Frequently Asked Questions
Are there any other research projects that have been undertaken to evaluate TA-CIN?
"Presently, two research protocols for TA-CIN (arm) are ongoing with none in phase 3. Birmingham, Alabama is the primary site for these investigations; however, three other sites have trials underway utilizing this method of treatment."
Are septuagenarians within the parameters of eligibility for this experiment?
"This clinical trial is searching for participants who have reached the age of majority, but are not yet centenarians."
To what extent could TA-CIN treatment present risks to patients?
"Our analysis at Power yields that TA-CIN (arm) has an overall safety rating of 1 due to its Phase 1 categorization, which indicates limited efficacy and safety data."
Does this trial have any eligibility criteria that must be met to participate?
"Fourteen individuals between the ages of majority and 100, who are currently suffering from a uterine cervical neoplasm, may be accepted into this research. Other qualifications include being compliant with study protocol and having an ECOG Performance Status of 0 to 1 over 8 weeks prior to enrollment."

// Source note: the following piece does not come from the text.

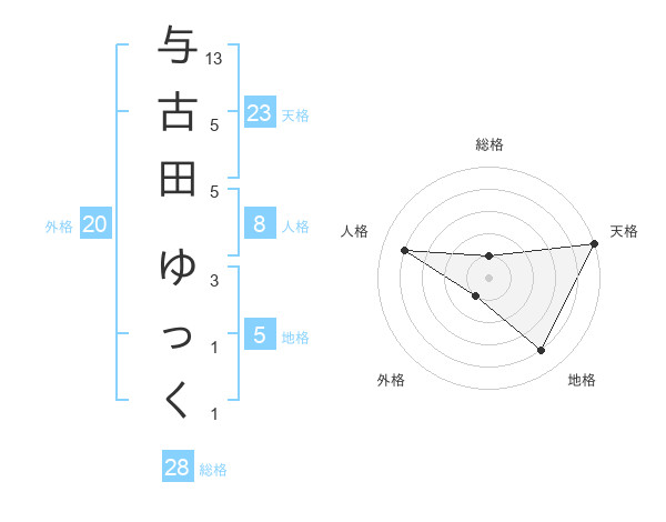 与古田 ゆっくさんの天格は23画の5点!
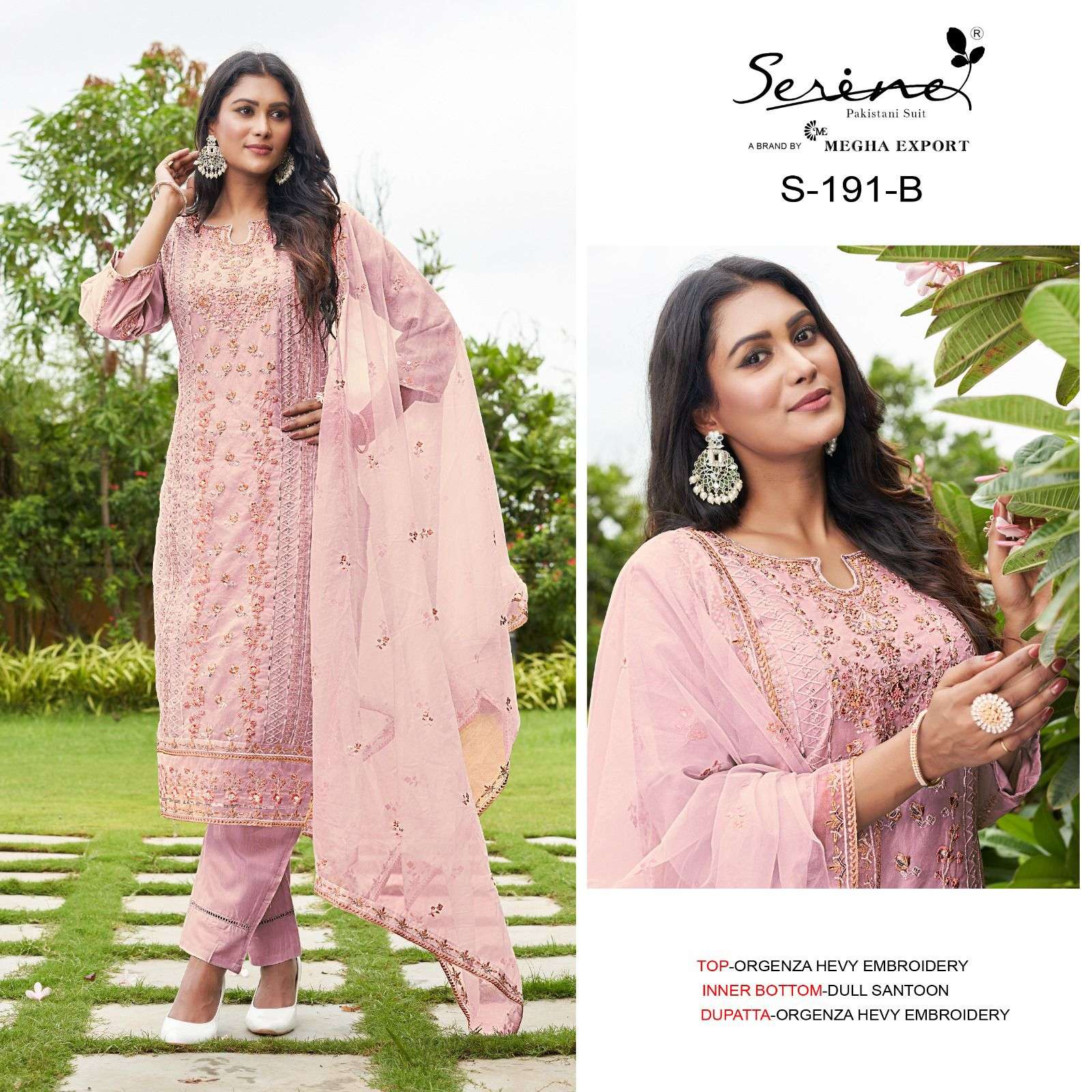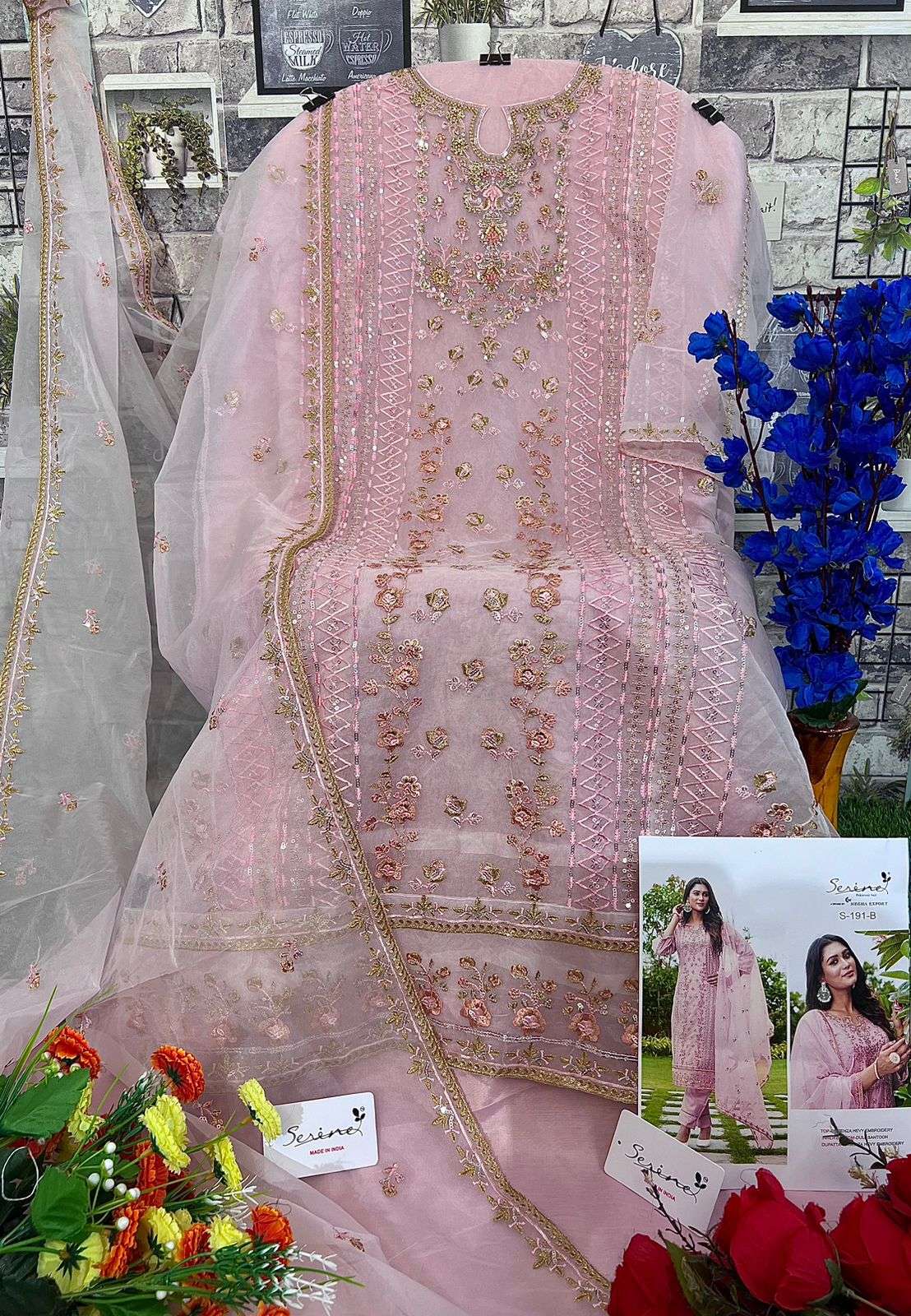 _*BRAND NAME*_:- SERINE®️ _*D NO*_:- S-191 _*Top*_:- ORGANZA HEAVY EMBROIDERED _*Dupatta*_:- ORGANZA HEAVY EMBROIDERED _*Bottom*_:- DULL SANTOON _*Inner*_:- DULL SANTOON _*RATE*_:- 1199/-

What is the upper limit for participants in this clinical trial?
"At this time, no more candidates are being sought for this trial. It was originally posted on April 4th 2019 and its information has been most recently updated on July 22nd 2022. If you're still interested in participating in a clinical study of uterine cervical neoplasms, there are 317 trials open at present alongside 2 TA-CIN (arm) studies that are actively enrolling patients."
Are there any current openings for enrolment in this trial?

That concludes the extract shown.